PostPosted: Sat Mar 01, 2014 2:41 am 
Offline
Veteran Member

Joined: Thu Feb 28, 2013 2:39 am
Posts: 437
I thought the info in that paper you referenced showed that the new bucketing scheme beat the old hierarchical stuff? They may just be using hierarchical bucketing with certain hand value metrics because it's easier to tweak the game size, etc. without having to re-cluster.


Top
 Profile  
 
PostPosted: Mon Mar 03, 2014 9:42 am 
Offline
Junior Member

Joined: Wed Jul 17, 2013 10:52 pm
Posts: 21
You know you could be right. I may have misinterpreted the little blurb they give when describing hyperborean_iro: "Buckets were calculated according to public card textures and k-means clustering over hand strength distributions". Now after your comment I think they do just mean the histogram method alone and not some public card bucketing AND the histogram method. Classic example of making a problem seem harder than it is :)

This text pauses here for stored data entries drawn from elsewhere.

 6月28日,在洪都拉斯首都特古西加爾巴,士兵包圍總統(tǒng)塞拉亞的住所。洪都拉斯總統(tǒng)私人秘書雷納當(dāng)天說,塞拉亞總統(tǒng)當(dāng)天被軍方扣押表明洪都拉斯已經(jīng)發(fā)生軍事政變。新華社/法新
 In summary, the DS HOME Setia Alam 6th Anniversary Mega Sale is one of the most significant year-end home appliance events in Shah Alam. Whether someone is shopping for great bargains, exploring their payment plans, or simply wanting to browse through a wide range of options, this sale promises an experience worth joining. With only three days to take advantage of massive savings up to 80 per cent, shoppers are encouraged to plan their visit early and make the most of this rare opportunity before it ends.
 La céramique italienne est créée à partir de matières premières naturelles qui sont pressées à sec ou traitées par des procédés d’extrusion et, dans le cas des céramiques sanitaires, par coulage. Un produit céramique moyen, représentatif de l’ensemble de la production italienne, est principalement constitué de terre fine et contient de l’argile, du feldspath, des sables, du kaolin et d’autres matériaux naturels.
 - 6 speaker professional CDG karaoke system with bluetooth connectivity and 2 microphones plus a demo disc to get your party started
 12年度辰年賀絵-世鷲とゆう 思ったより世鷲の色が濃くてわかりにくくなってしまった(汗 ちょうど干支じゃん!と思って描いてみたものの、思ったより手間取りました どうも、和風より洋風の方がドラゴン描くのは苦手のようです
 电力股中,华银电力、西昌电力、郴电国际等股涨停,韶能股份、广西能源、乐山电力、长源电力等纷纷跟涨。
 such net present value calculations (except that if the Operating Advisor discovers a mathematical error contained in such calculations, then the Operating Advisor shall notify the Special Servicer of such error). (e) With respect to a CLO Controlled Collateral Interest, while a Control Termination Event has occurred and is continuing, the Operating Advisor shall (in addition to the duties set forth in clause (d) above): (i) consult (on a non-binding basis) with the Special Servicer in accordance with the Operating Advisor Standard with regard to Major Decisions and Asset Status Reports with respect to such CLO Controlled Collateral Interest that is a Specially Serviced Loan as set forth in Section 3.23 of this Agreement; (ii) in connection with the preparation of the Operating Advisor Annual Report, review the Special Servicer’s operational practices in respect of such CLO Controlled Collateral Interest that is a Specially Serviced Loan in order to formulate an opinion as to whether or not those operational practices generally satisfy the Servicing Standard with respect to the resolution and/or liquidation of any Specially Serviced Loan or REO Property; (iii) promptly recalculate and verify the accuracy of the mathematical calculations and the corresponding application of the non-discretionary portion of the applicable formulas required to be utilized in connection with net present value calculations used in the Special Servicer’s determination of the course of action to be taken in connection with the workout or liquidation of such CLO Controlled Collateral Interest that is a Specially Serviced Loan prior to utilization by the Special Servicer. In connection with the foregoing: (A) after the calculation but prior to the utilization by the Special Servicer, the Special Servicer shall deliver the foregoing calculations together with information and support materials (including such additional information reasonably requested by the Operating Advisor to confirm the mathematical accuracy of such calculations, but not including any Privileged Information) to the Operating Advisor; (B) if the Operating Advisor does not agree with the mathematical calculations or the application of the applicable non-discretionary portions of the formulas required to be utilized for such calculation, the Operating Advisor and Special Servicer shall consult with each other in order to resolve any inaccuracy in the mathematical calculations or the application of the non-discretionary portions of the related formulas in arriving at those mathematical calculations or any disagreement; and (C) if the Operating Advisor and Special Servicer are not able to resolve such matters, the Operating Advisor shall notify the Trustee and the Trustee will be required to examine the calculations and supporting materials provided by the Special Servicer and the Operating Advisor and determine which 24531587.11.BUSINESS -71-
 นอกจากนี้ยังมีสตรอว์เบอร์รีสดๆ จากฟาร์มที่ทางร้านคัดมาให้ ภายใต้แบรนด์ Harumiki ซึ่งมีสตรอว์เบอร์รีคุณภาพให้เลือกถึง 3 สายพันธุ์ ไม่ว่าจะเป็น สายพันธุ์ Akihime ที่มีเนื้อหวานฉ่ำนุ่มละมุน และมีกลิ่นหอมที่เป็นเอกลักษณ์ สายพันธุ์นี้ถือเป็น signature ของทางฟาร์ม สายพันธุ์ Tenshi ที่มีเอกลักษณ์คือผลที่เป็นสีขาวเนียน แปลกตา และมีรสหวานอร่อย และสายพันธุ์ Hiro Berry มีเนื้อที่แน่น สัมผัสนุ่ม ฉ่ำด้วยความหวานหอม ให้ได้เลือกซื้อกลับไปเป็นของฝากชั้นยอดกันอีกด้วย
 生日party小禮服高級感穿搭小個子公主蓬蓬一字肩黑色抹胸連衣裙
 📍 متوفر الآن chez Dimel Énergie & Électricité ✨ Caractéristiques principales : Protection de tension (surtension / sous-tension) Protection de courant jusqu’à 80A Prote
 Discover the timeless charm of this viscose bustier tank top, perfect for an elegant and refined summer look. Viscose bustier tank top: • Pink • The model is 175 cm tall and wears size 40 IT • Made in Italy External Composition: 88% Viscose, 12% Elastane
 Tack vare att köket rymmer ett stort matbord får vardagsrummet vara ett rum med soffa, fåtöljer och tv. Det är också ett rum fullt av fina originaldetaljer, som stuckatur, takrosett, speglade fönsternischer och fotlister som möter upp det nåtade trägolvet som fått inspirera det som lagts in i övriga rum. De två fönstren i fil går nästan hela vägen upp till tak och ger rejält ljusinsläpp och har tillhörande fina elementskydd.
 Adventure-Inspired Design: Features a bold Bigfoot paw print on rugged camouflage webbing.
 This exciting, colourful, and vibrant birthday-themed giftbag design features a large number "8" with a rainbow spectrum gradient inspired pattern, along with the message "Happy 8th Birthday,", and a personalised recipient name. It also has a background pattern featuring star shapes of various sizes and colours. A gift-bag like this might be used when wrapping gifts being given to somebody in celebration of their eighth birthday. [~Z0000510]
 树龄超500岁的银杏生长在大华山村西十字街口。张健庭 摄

Still I have to wonder... once you get up to like 10k or 100k buckets, at some point would you rather split all the buckets into groups based on the suitedness of the board? The histogram abstraction captures so much of the card information it's hard to argue for spending memory on anything else, but maybe there are some special cases.


Top
 Profile  
 
PostPosted: Wed Mar 05, 2014 1:36 am 
Offline
Veteran Member

Joined: Thu Feb 28, 2013 2:39 am
Posts: 437
From that sentence it sounds like they used both. The histogram clustering they described didn't allow for board progression, so maybe they used texture buckets to show the public card history? There would also be some value in knowing if your hand projections rank high due to public cards.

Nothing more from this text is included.